## [Data for this exercise]
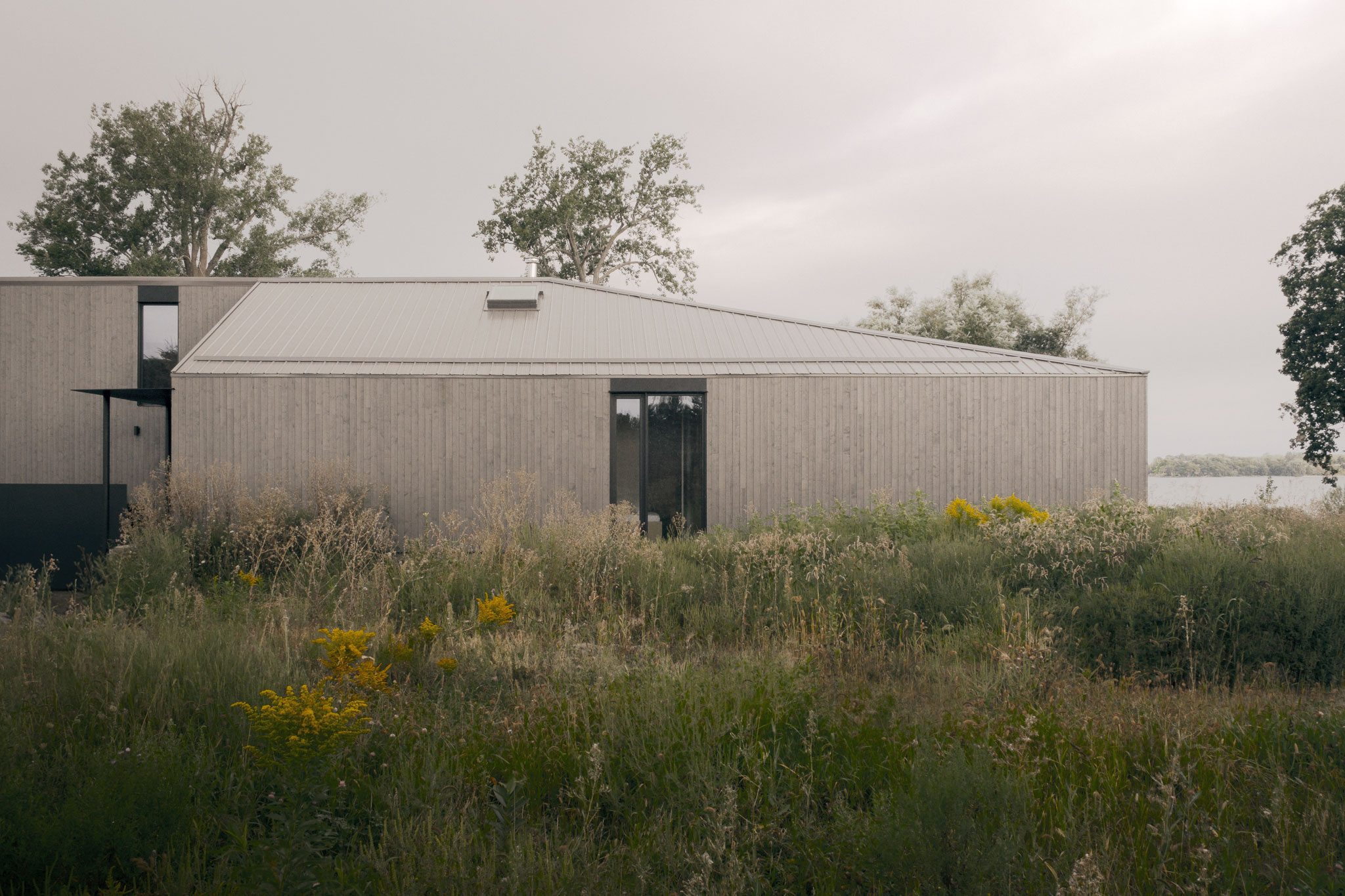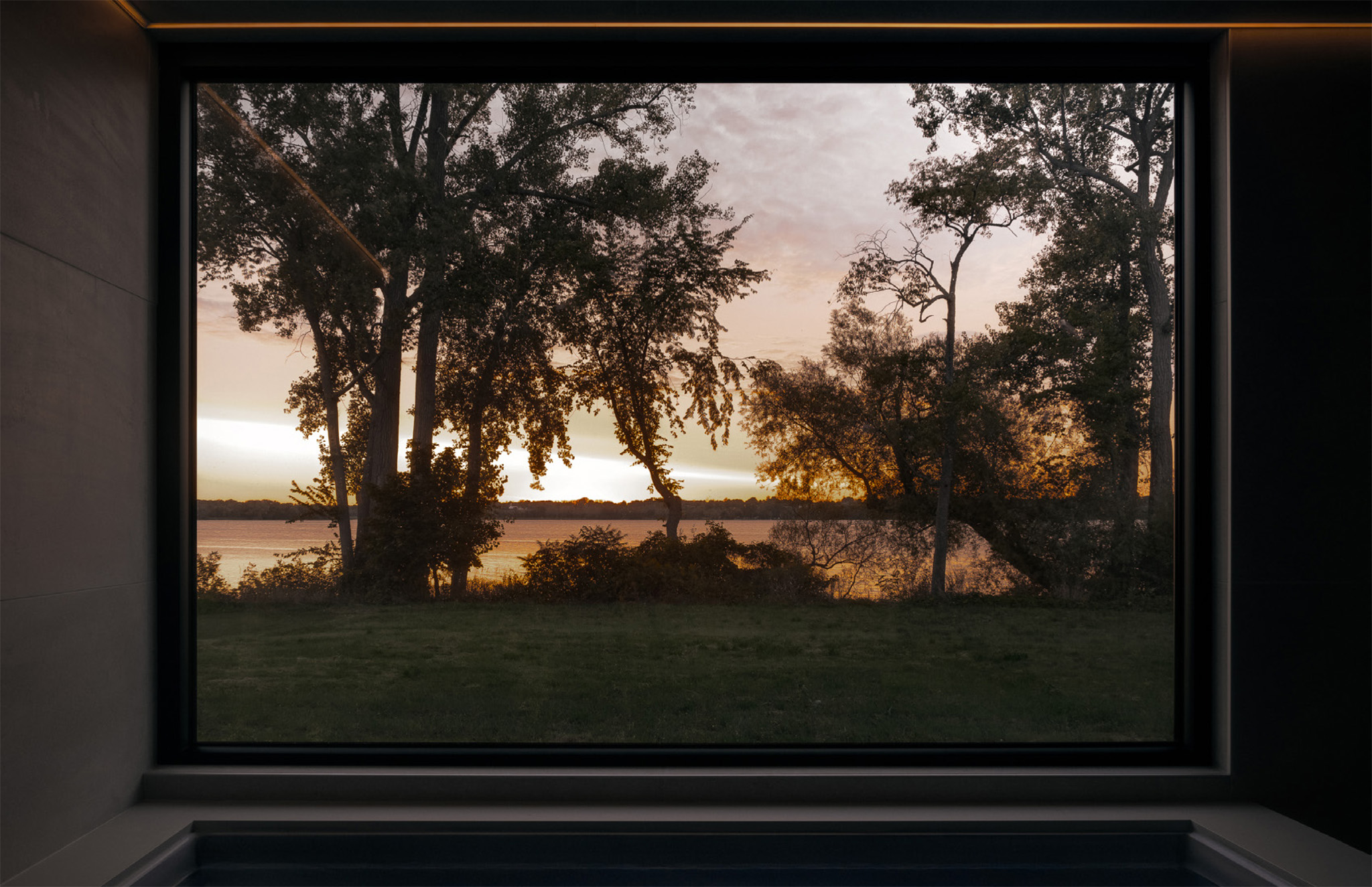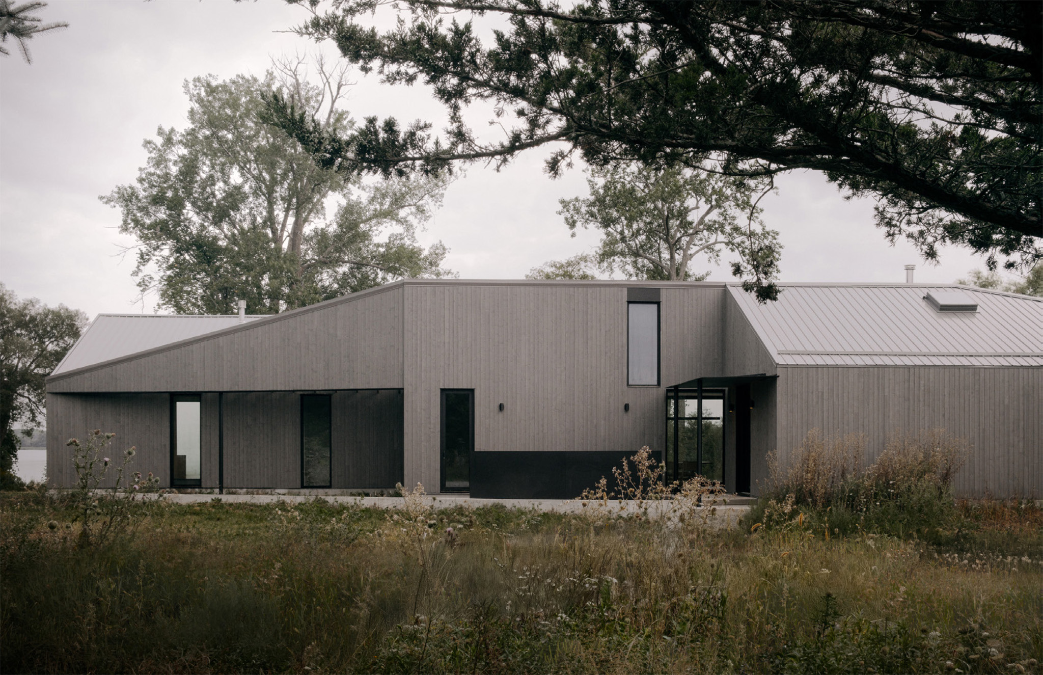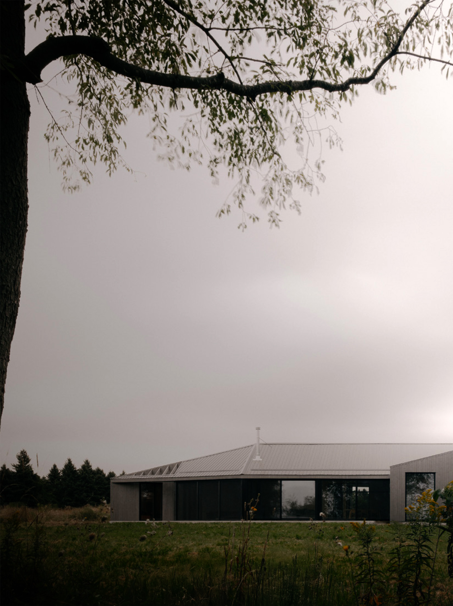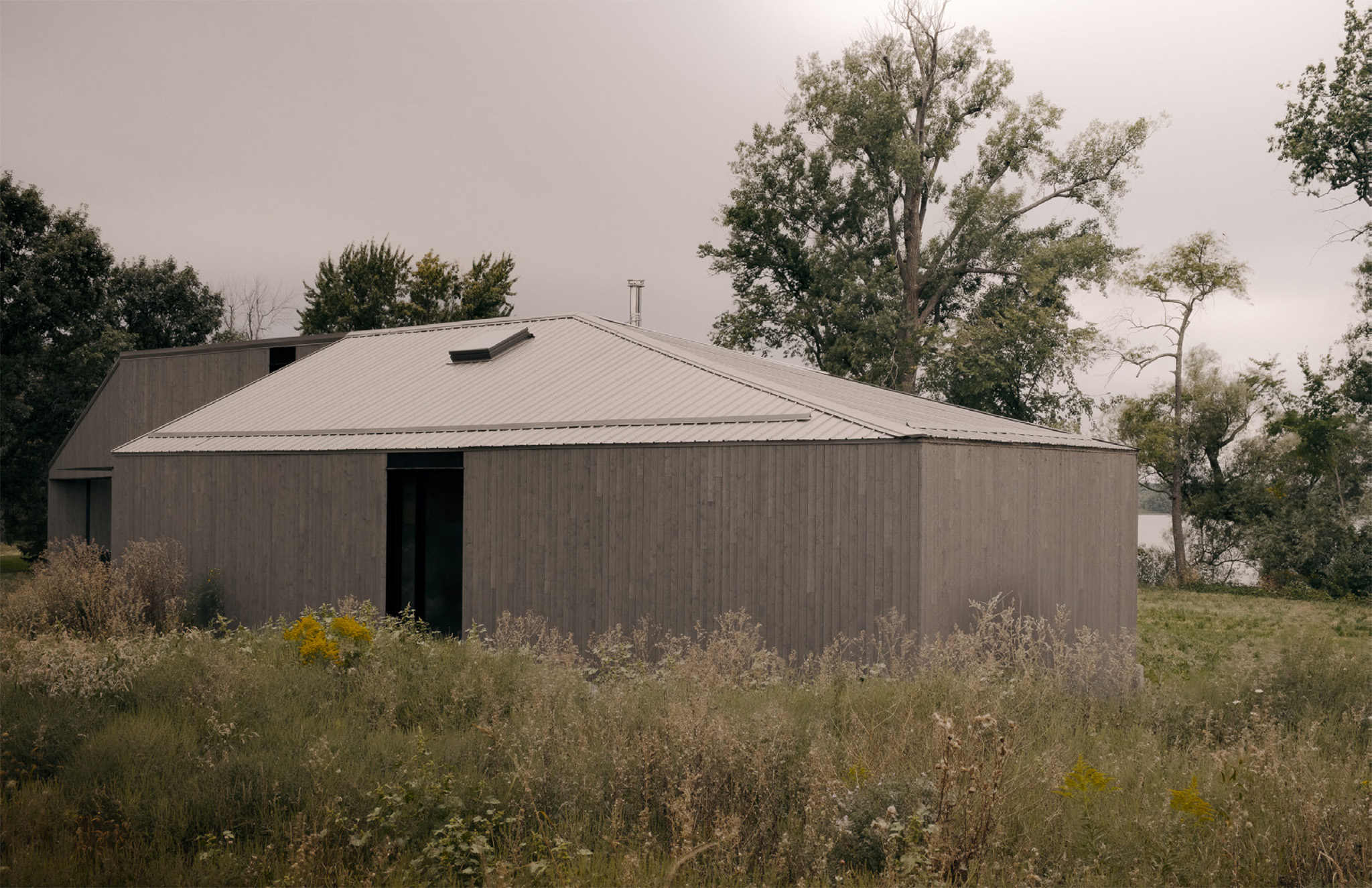 South Bay Residence is situated on a flat, rural site in Ontario, a few hours east of Toronto. Positioned on a north-facing expanse, the site offers a vast open field bordered by a delicate grove of trees and a shoreline with unique, varied trees that became integral to the architectural concept.
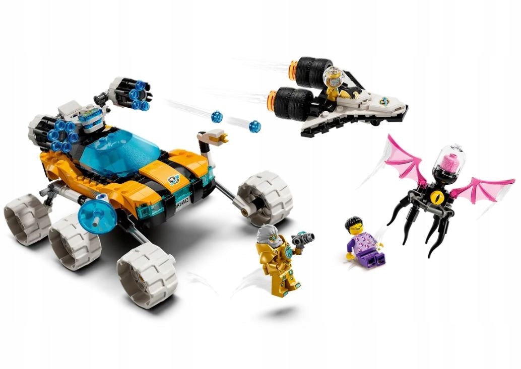В космической машине LEGO® Dreamzzz ™, Mr. Oza, Спящий Джейден был захвачен ночным маркером! Мистер Оз вошел в мир мечты, чтобы спасти его, но его машина сломалась, и ему нужна ваша помощь. Преобразовать автомобиль в космический корабль или вне -дорогостоящий космический ровер. У космического парома есть пушки с стрельбой, а у ровера хорошая захватывающая рука! Готовы взлететь?
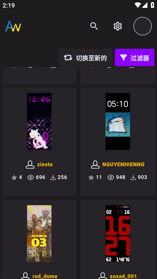 4、接着应用就会筛选出适合你手表的表盘资源,你也可以通过搜索方式进行搜索,然后点击下载按钮
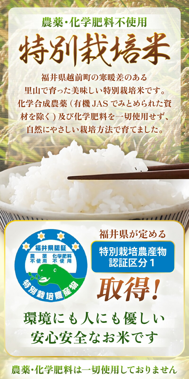 【ふるさと納税】 定期便 ≪3ヶ月連続お届け≫【令和7年産 】特別栽培米コシヒカリ5kg × 3回(合計15kg)【選べる精米方法:白米/玄米】 農薬不使用米 福井県認証区分1取得 越前町【5キロ お米 コメ 農薬化学肥料不使用 送料無料】
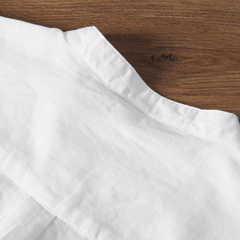 Buddha Stones Soft Embroidery Crane Pattern Stand Collar Cotton Linen Half Button Men's Shirt - White - US/UK/AU42,EU52 (3XL) - image 1
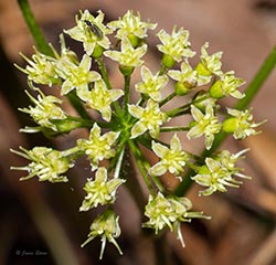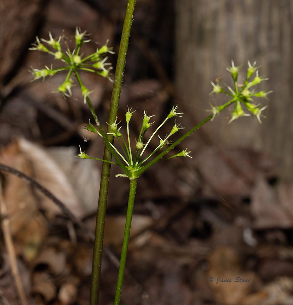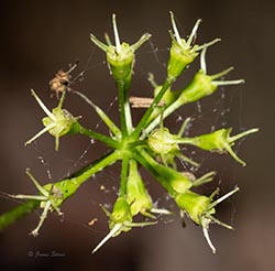 The flowers are on a separate stalk, typically in 3 globe-shaped clusters that eventually get almost
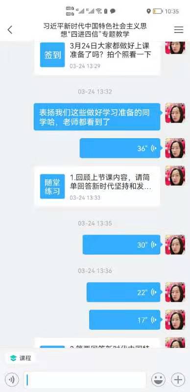 南昕雪(19级汉语言一班) :《习近平新时代中国特色社会主义思想“四进四信”专题教学》课程步入尾声,我认为郭老师思路清晰,语言流畅,即使是线上课程,老师同样备课充分,安排合理。设置问题回顾上节课所学知识点,不仅可以温故而知新,而且充分调动员工的积极性。通过老师地细心讲解,我的政治觉悟显著提高,牢固树立了对党的科学理论的信仰,坚定了走中国特色社会主义道路实现中国梦的信念。
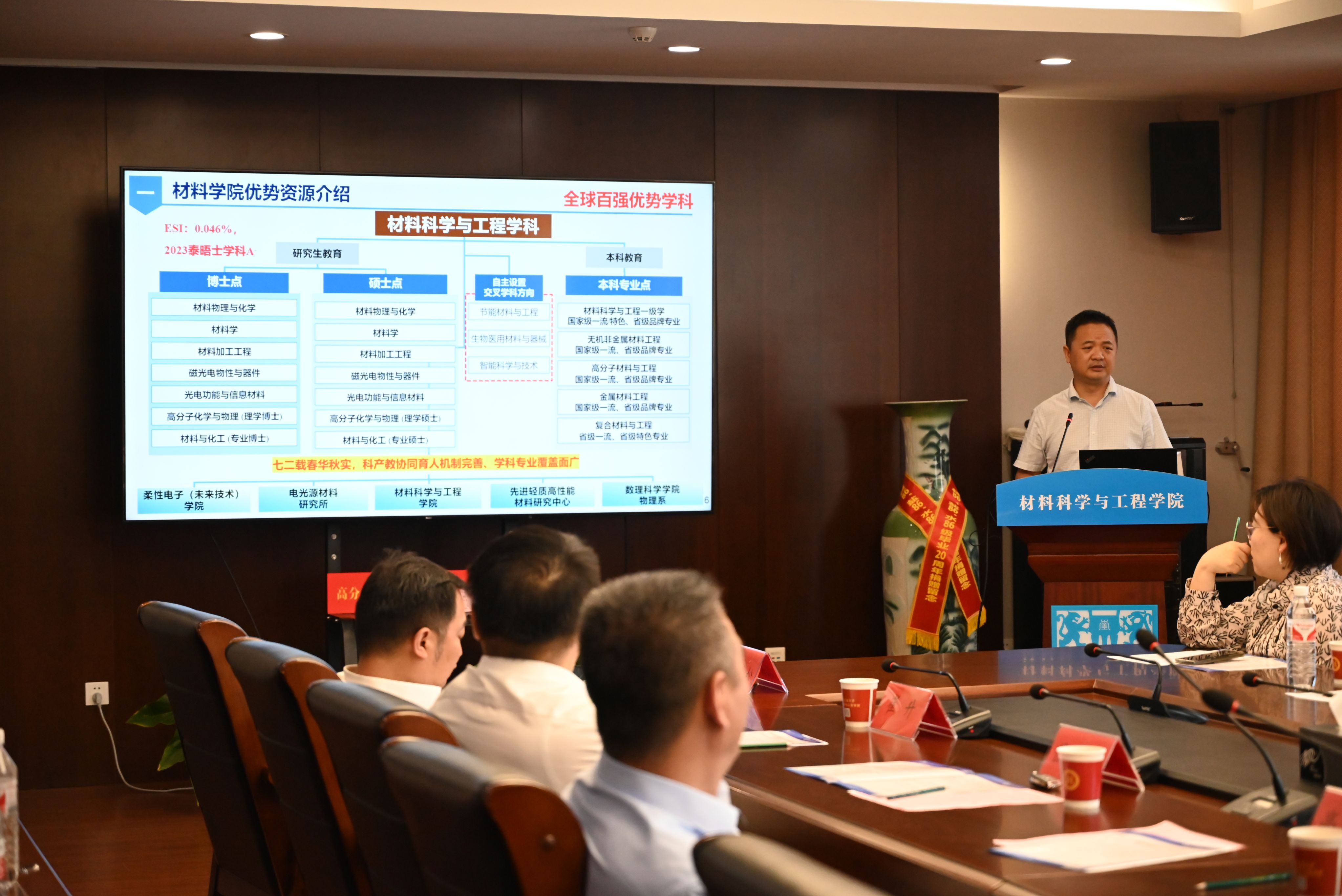 材料公司党政领导、系主任、各支部书记、老师等参加大会。
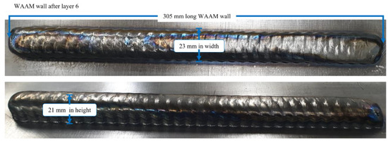 Figure 7 shows a completed deposition of the experimental wall after layer six with a measured height of approximately 21 mm with an average layer height of approximately 3.5 mm. A width of 28 mm and a length of 305 mm were also measured.
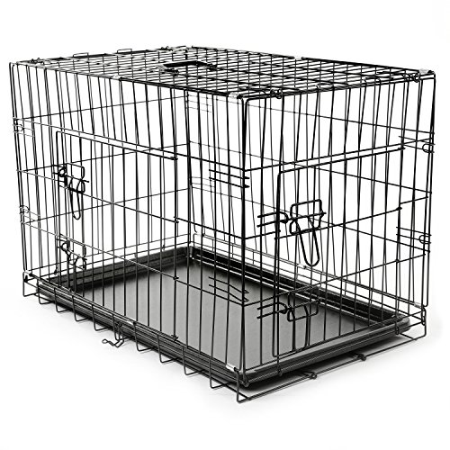 Jaula para perros (76cm) – Jaula plegable de metal negro con 2 puertas (frontal y lateral) con bandeja base de plástico resistente a la masticación y asa de transporte (mediano)
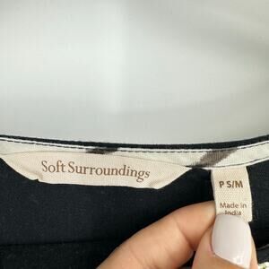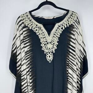 Soft Surroundings Kaftan Dress Size S/M Black White Embroidered Collar Maxi
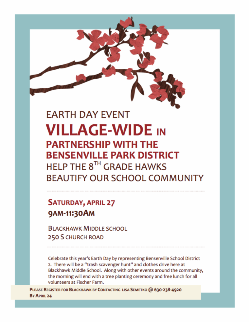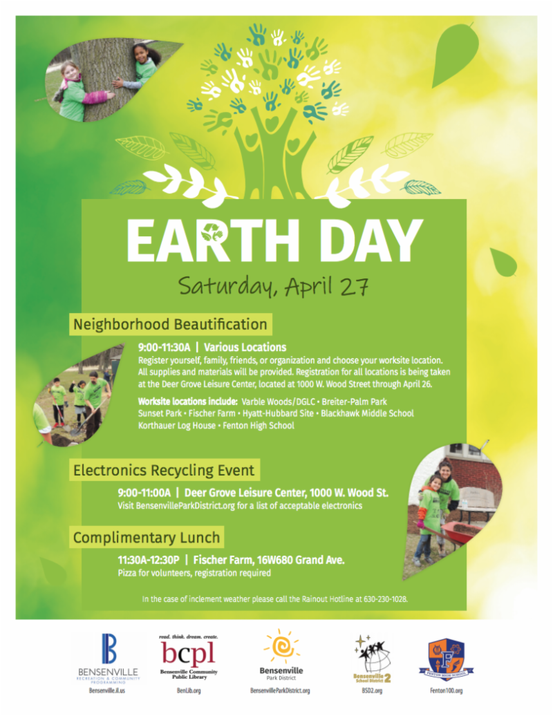 To celebrate Earth Day, the Village of Bensenville, Bensenville Community Public Library, Bensenville Park District, Bensenville School District 2, and Fenton High School are partnering to sponsor a variety of events around the community on Saturday, April 27.
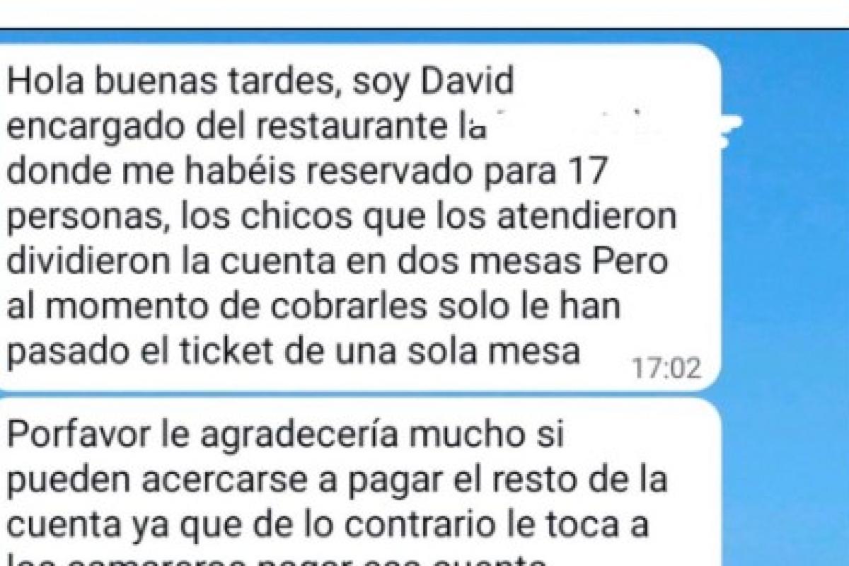 En los pantallazos de WhatsApp se ve cómo el hostelero le dice al cliente: "Hola, buenas tardes, soy David, encargado del restaurante donde me habéis reservado para 17 personas. Los chicos que los atendieron dividieron la cuenta en dos mesas, pero al momento de cobrarles solo le han pasado el ticket de una sola mesa".

## [Work item]
What should come back is an exact copy of the lines above from the line with "Figure 7 shows" to the line with "To celebrate Earth", both included, minus the pictures.

## [Response to the exercise]
 Figure 7 shows a completed deposition of the experimental wall after layer six with a measured height of approximately 21 mm with an average layer height of approximately 3.5 mm. A width of 28 mm and a length of 305 mm were also measured.
 Jaula para perros (76cm) – Jaula plegable de metal negro con 2 puertas (frontal y lateral) con bandeja base de plástico resistente a la masticación y asa de transporte (mediano)
 Soft Surroundings Kaftan Dress Size S/M Black White Embroidered Collar Maxi
 To celebrate Earth Day, the Village of Bensenville, Bensenville Community Public Library, Bensenville Park District, Bensenville School District 2, and Fenton High School are partnering to sponsor a variety of events around the community on Saturday, April 27.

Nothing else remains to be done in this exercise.